- _Task instructions_:
Every entry in the following listing must be restated word for word, though not its pictures.
*** Material for this exercise ***
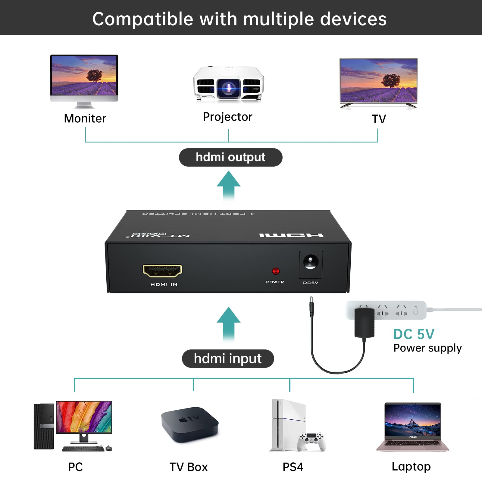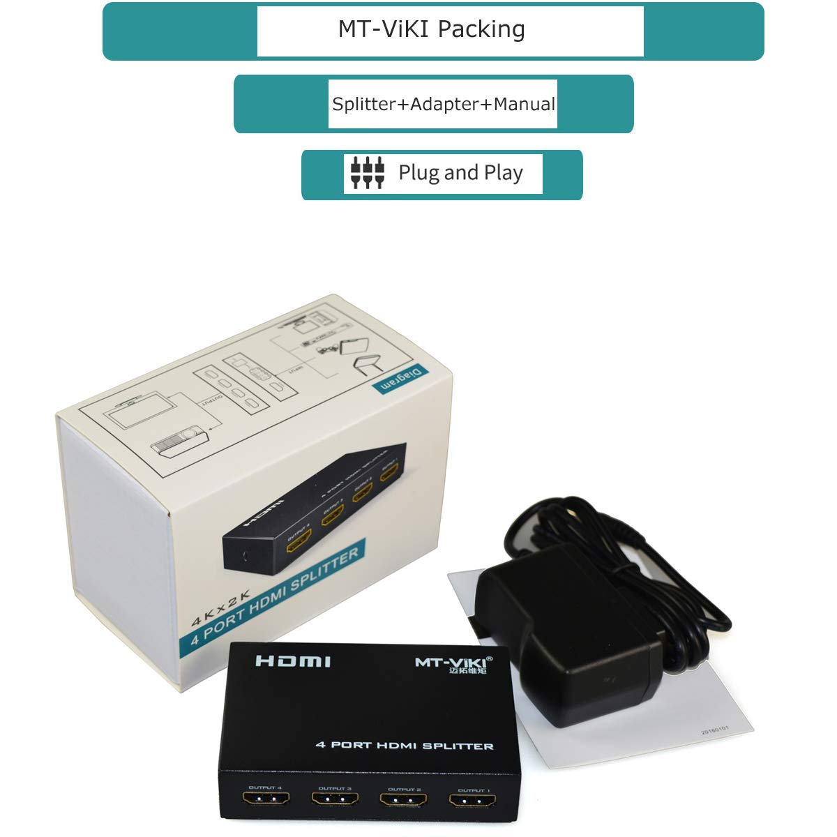 Package: HDMI Splitter 1 in 4 out *1, 5V1A Power adapter*1; Warn Noted: If no display after connected, pls help to check if connected reversely.
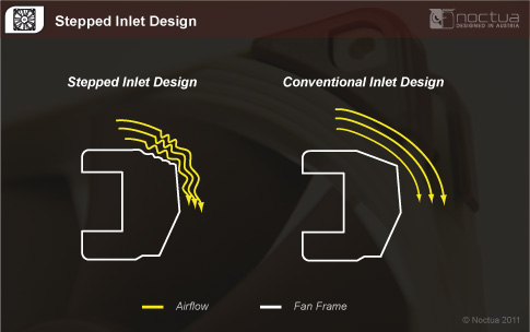 Die abgestufte Einlaufstruktur des Stepped Inlet Designs ist eine innovative Konstruktionstechnik, die erstmals mit Noctuas NF-F12 eingeführt wurde. Sie erleichtert den Übergang von laminarer zu turbulenter Strömung und hat eine ähnliche Wirkung wie die Dimple-Struktur eines Golfballs: In beiden Fällen wird ein besseres Flow Attachment, d.h. ein besseres Anhaften der Strömung am umströmten Volumenkörper erzielt. Durch die besser am Rahmen anliegende turbulente Strömung kann der Rotor mehr Luft ansaugen und eine höhere Förderleistung erzielen.
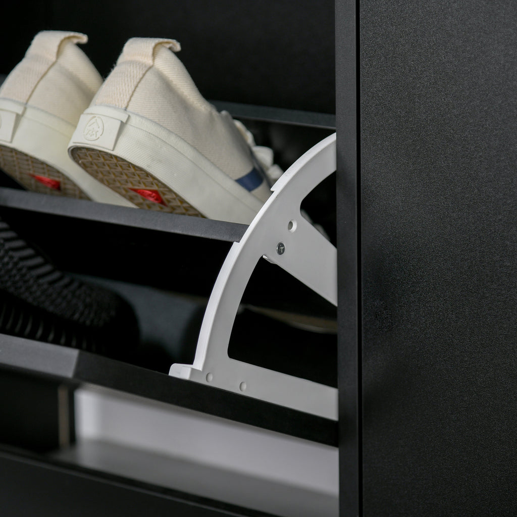 - 3 scomparti con ante a ribalta, ciascuno con 2 ripiani, ogni ripiano può contenere fino a 3 paia di scarpe.
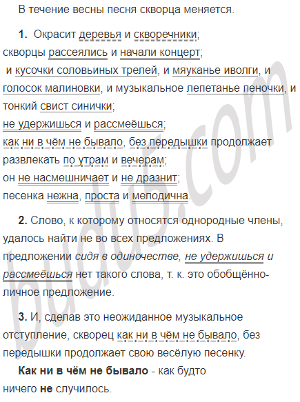 Прочитайте текст и определите его тему. Меняется ли песенка скворца в течение весны? Найдите в предложениях однородные члены.
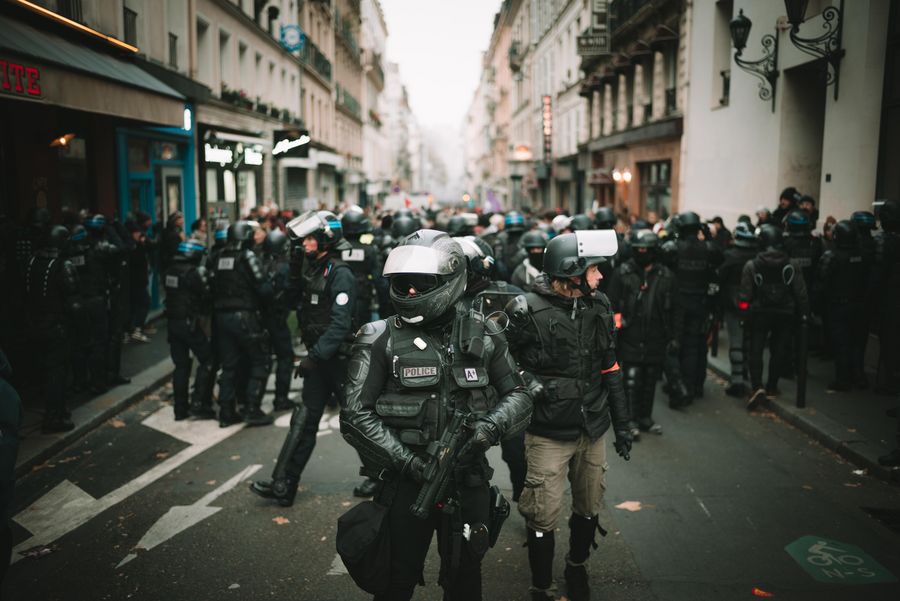 Police officers stand guard during a demonstration in Paris, France. (Photo by Zi Yang/Xinhua)
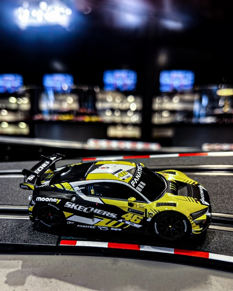 Stílusos autó GO!!! autópályákhoz 1:43 méretarányban, az ikonikus versenyző VALENTINO ROSSI inspirációjával. Megbízható érintkezést kínál a dupla keféknek köszönhetően, kiváló stabilitást a magnóval és pontos vezetést a vezetősín révén.
*** End of Material for this exercise ***
- _The answer_:
 Package: HDMI Splitter 1 in 4 out *1, 5V1A Power adapter*1; Warn Noted: If no display after connected, pls help to check if connected reversely.
 Die abgestufte Einlaufstruktur des Stepped Inlet Designs ist eine innovative Konstruktionstechnik, die erstmals mit Noctuas NF-F12 eingeführt wurde. Sie erleichtert den Übergang von laminarer zu turbulenter Strömung und hat eine ähnliche Wirkung wie die Dimple-Struktur eines Golfballs: In beiden Fällen wird ein besseres Flow Attachment, d.h. ein besseres Anhaften der Strömung am umströmten Volumenkörper erzielt. Durch die besser am Rahmen anliegende turbulente Strömung kann der Rotor mehr Luft ansaugen und eine höhere Förderleistung erzielen.
 - 3 scomparti con ante a ribalta, ciascuno con 2 ripiani, ogni ripiano può contenere fino a 3 paia di scarpe.
 Прочитайте текст и определите его тему. Меняется ли песенка скворца в течение весны? Найдите в предложениях однородные члены.
 Police officers stand guard during a demonstration in Paris, France. (Photo by Zi Yang/Xinhua)
 Stílusos autó GO!!! autópályákhoz 1:43 méretarányban, az ikonikus versenyző VALENTINO ROSSI inspirációjával. Megbízható érintkezést kínál a dupla keféknek köszönhetően, kiváló stabilitást a magnóval és pontos vezetést a vezetősín révén.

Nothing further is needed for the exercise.